Let's now calculate the accuracy of our model.

In [384]:
preds = train.matmul(params)
((preds < 0) == y).float().mean()

tensor(0.5390)

Now let's try creating a neural net instead. The difference is that above we are simply doing a regression and with a neural net there need to be multiple layers.
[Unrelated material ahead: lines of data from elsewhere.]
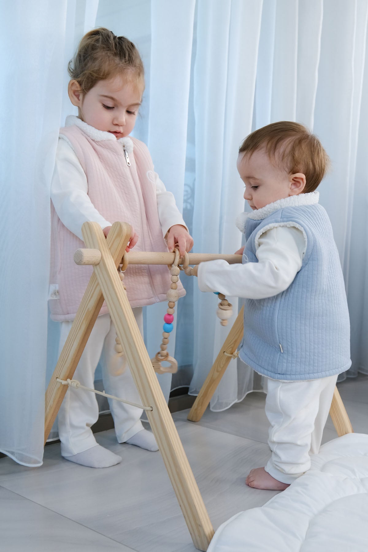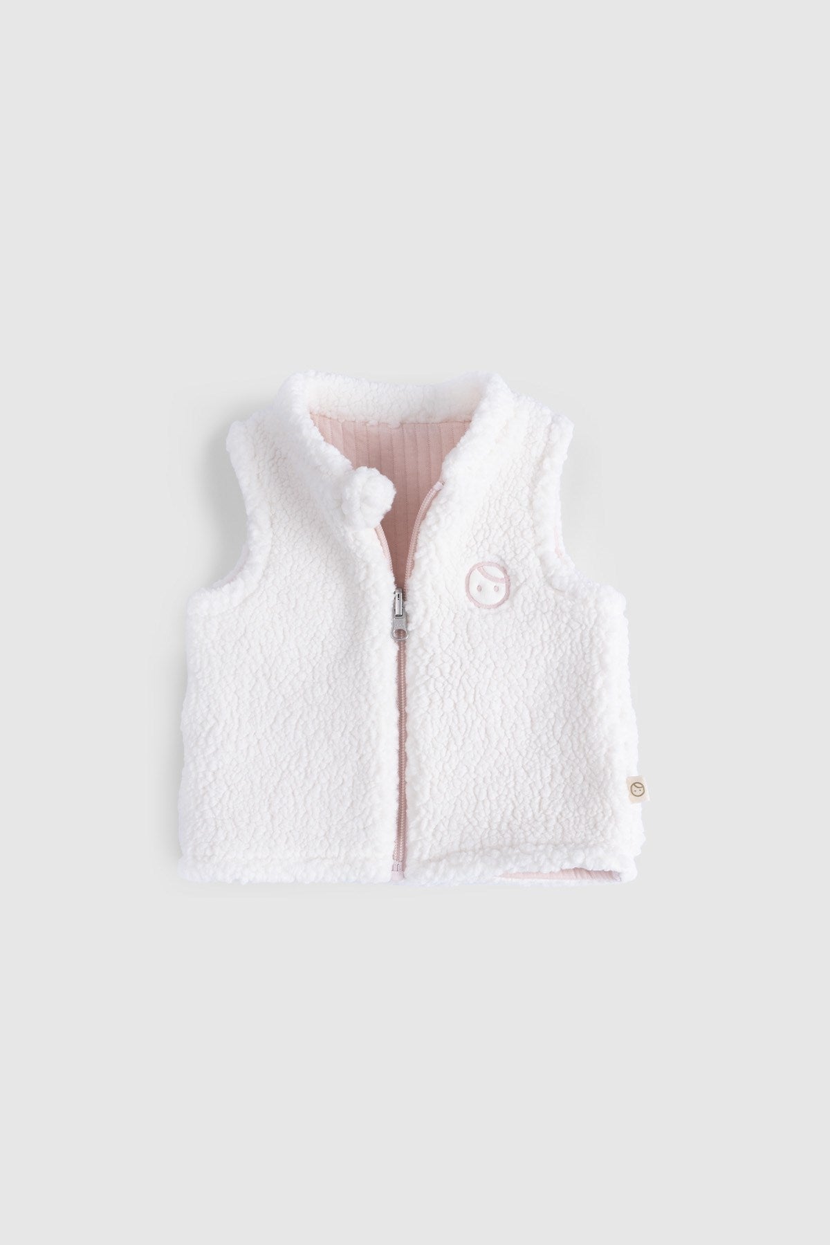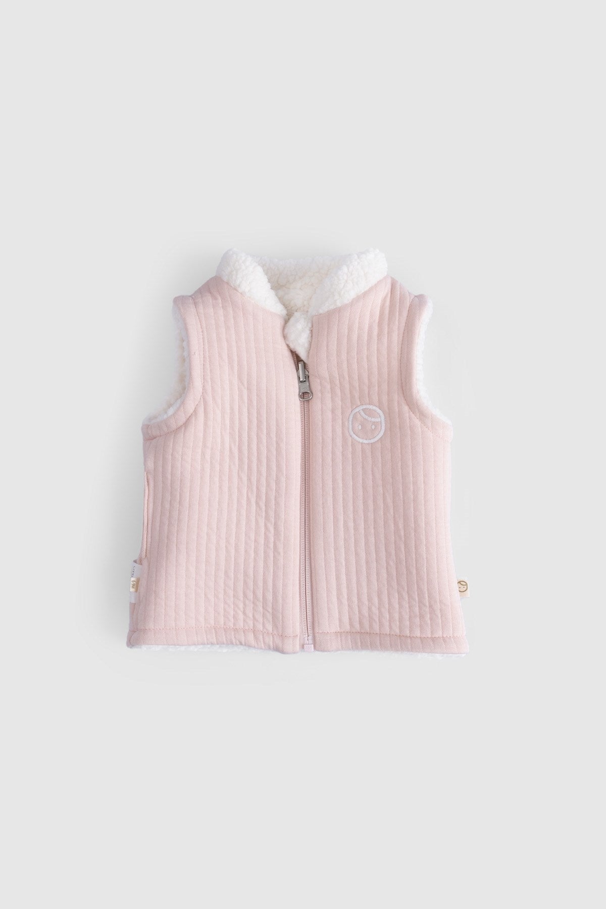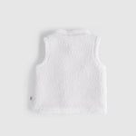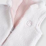This reversible baby gilet features two beautifully soft textures: quilted organic cotton blend on one side and plush sherpa fleece on the other. Perfect for autumn and winter layering while allowing freedom of movement.
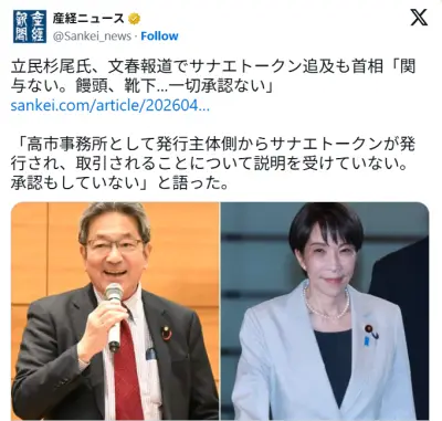【人気記事一覧】立民杉尾氏、サナエトークン武器に首相に直接攻勢を仕掛けるも→肝心のソースが週刊誌で返り討ち「関与ない。饅頭、靴下、一切承認ない」
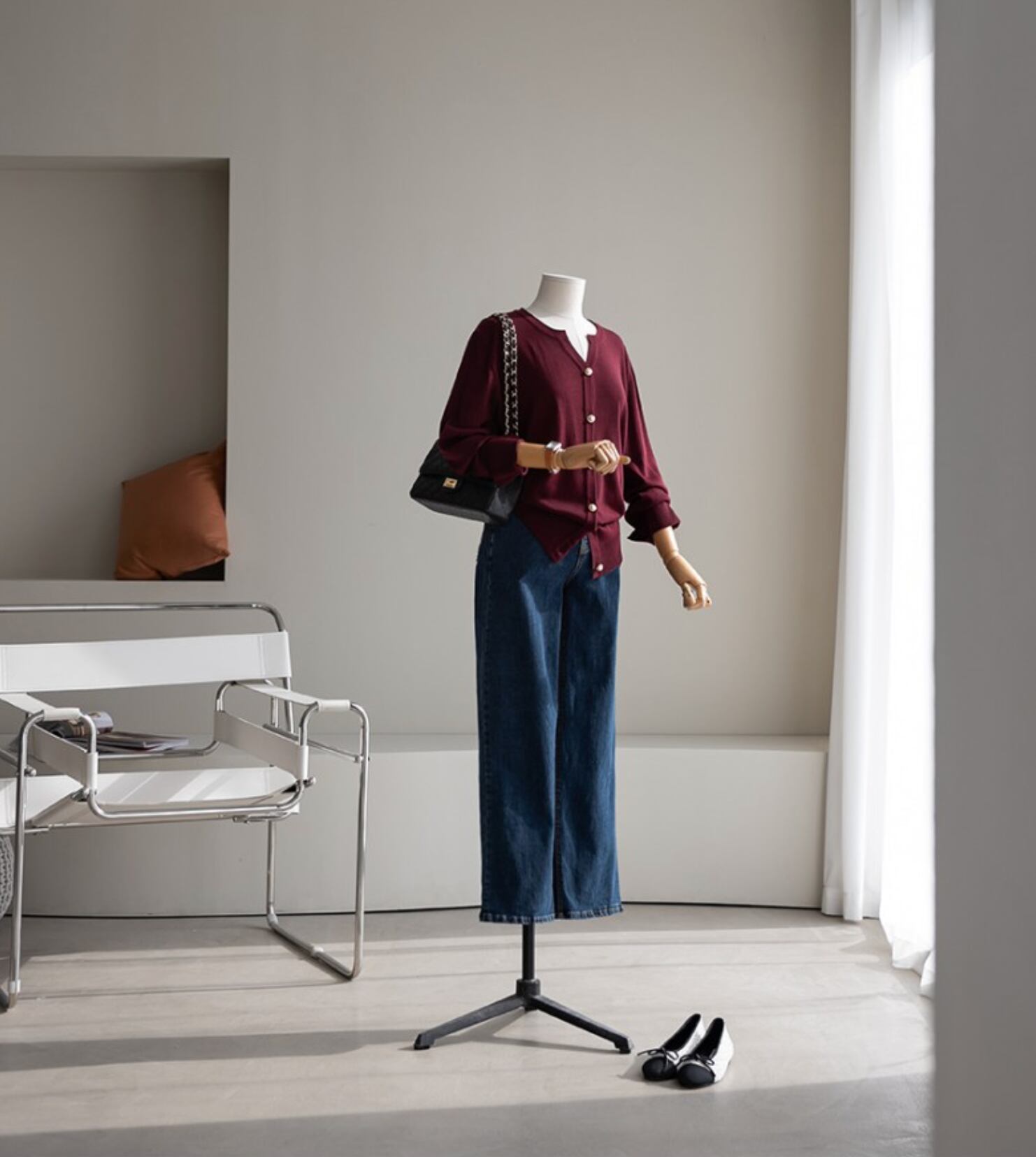 シンプルで上品なニットカーディガン。キーネックデザインが魅力的な一枚で、首元をキレイに見せてくれ、大人可愛さを演出します。大人の魅力を引き立てる、そんな一枚です。

We also need an activation function between the layers, otherwise it is still just one more complicated linear function and thus regression.

### Neural Net

In [390]:
nn_params1 = torch.randn(train.shape[1]).requires_grad_()
nn_params2 = torch.randn(train.shape[1]).requires_grad_()
nn_params1, nn_params2

(tensor([ 0.1044, -0.0250,  0.5872,  0.5903, -0.3698, -0.4453,  0.7028,  1.5119,
          0.4524, -0.2436], requires_grad=True),
 tensor([-2.2570, -0.0250, -1.3394, -0.1588, -1.3354,  1.3935,  0.7422,  0.0720,
         -0.6119, -0.3452], requires_grad=True))

In [397]:
def step_nn(data,y,p1,p2,lr):
    relu1 = data.matmul(p1).clip(min=0)
    relu2 = data.matmul(p2).clip(min=0)
    pred = (relu1 + relu2).reshape(-1,1)
    loss = F.mse_loss(pred, y)
    loss.backward()
    with torch.no_grad():
        p1 -= p1.grad * lr
        p1.grad = None
        p2 -= p2.grad * lr
        p2.grad = None
    print(loss.item())
    return pred

In [400]:
nn_epochs = 20
for i in range(nn_epochs):
    step_nn(train,y,nn_params1,nn_params2,0.01)

0.350899875164032
0.3499789834022522
0.34905850887298584
0.34813618659973145
0.3472136855125427
0.3463018238544464
0.34540051221847534
0.3445095121860504
0.34362417459487915
0.3427416980266571
0.34185707569122314
0.34096217155456543
0.34007716178894043
0.3392018973827362
0.3383362293243408
0.3374800384044647
0.33663323521614075
0.33579567074775696
0.334964781999588
0.334123432636261


Check accuracy of neural net

In [402]:
preds = train.matmul(nn_params1).clip(0) + train.matmul(nn_params2).clip(0)
((preds < 0) == y).float().mean()

tensor(0.5929)

This accuracy is slightly better than our linear regression above which is as expected. However, we are still less than 60% accurate. Note: we are running these accuracy calculations on the training set which is a bad practice. This is simply because this notebook is just for practice and I decided to skip reperforming the data mutations on the test set.